The Australian government responded to these critical financial indicators last year by increasing Centrelink payments by as much as 20 per cent more. These changes took effect on the first day of 2023 to protect the most exposed sectors of the country: social security payment recipients, who will be the most financially vulnerable to price increases and inflation.
Still, people are worried about their financial futures. Doubt is a valid reason given all the factors involved. A major 59 per cent of Australians are concerned about rising prices of groceries, rent, electricity and gas, interest rates, and petrol. These expenses are also major issues to manage throughout the year.
The government constructed an initial financial package to address those who will be affected first, and directly by the inflation aftereffects. The government’s additional increases are now in place to stop or at least slow down the economic effects of inflation, which has direct proportional effects on prices and the cost of living. The government is hoping they will be enough if the inflation train is kept a-rolling and the prices of goods continue to increase.
However, the numbers and analysis reports continue to show weak spots in the economy. Earlier last year, the Reserve Bank of Australia (RBA) was confident that they can handle the state of inflation, hoping for a decent finish by year’s end: It ended at quite an opposite 7.3%.
There are two factors at play here that are important: First, the cause of inflation, and wage growth. Unfortunately, both factors were underperforming since 2022. Further down the road, analysts warn of a possible recession if this spirals down even further.
Analysts stressed that inflation was triggered by the prices of items in the market, and is not labor cost-related. However, the 7.3% inflation rate is still a few points farther from the projected ideal of 3.0% the government was trying to target for 2023.
Then, the 3.1% low-performance wage-price index late last year further slowed down economic growth and buying power. Employment growth also trailed not far behind, with a ratio of 400,000 jobs for 14 million working Australians.
Lower Economic Performance?
One of the main indicators of slow growth is the average household’s struggle in spending to provide basic needs. A record low household savings ratio was reported at 6.9%, a new low compared to the post-war era percentage of 9.5%.
While many will point to the worldwide inflation issue as a major source of this slowdown, the country is facing both inflation and employment concerns. Australia has to address these problems to stabilize the economy and buying power of the Australian dollar and the progression is looking uncertain. The hopes of a slight reversal and steady growth lie in managing the inflation rate and addressing its effects on pricing and employment.

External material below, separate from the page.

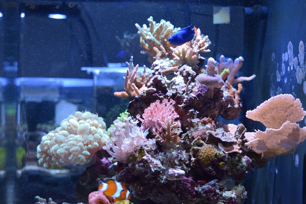 regarding filtration. I got rid of the stock filtration. Back chamber is all LR rubble (from my BC29), Return pump is Rio+ 90, and a heater (aqueon 20W). I do 90% WC weekly, religiously. If I find anything out of bound (zoas are not opening, or algae or anything dirty), I throw in a small amount of BRS carbon. Couple of months before I added an AquaClear 20 HoB filter. But I only use it thursday -> saturday, occasionally. I have an air pump hooked to. At times I use it, in-stead of the filtration (medications, chemiclean to cleanse the tank).

To date, at least one of the solutions from the government may address the people’s financial struggles directly (or at least for those who are subscribed to social security payments via Centrelink). Pensioners, students, the younger generation, and some disabled beneficiaries will have some form of relief from the increases in their payments.
Social Services Minister Amanda Rishworth assured recipients that “This will have a significant impact on the hip pockets of young people. Income-free areas for student-income-support recipients will also benefit from indexation, meaning they can earn more before their payment is impacted.”
Addressing Slow Growth and Inflation: Can Increased Payments Make a Difference?
Let’s look at some of the Centrelink changes approved by the government. We now know that pensioners, students, young adults, and those who are disabled and receiving care will benefit from the bigger fortnightly payment. How long this will be effective will depend on the progression of the country’s inflation and how much living expenses will remain stable.
Pensioners with Age Pension, Disability Support Pension, and Carer Payment will get an extra increase of $38.90 (individual) or $58.80 for a couple. A maximum pension ceiling of $1,026.50 a fortnight was approved for individuals. Meanwhile, each couple will get $1,547.60, which includes Pension Supplement and Energy Supplement.
Unemployed individuals without dependents stand to receive extra finances in the form of an increase: From $25.70 fortnightly to $677.20 for their JobSeeker Payment for singles, with Energy Supplement. Parenting Payment Single grew from $35.20 per fortnight to $927.40 with Pension Supplement and Energy Supplement included. For couples with Jobseeker Payments and Parenting Payments, the rate is $23.40 a fortnight to $616.60.
For other Centrelink subscribers, similar increases were also added. Young people, caregivers, and students received a 6 per cent increase that took effect on the 1st of January.
Youth allowance increased within the $19.10 to $41.40 range a fortnight. Austudy beneficiaries received between $32.40 and $41.40 per fortnight. Lastly, citizens with disability support pensions under 21 years old and without children received between $27.40 and $40.70.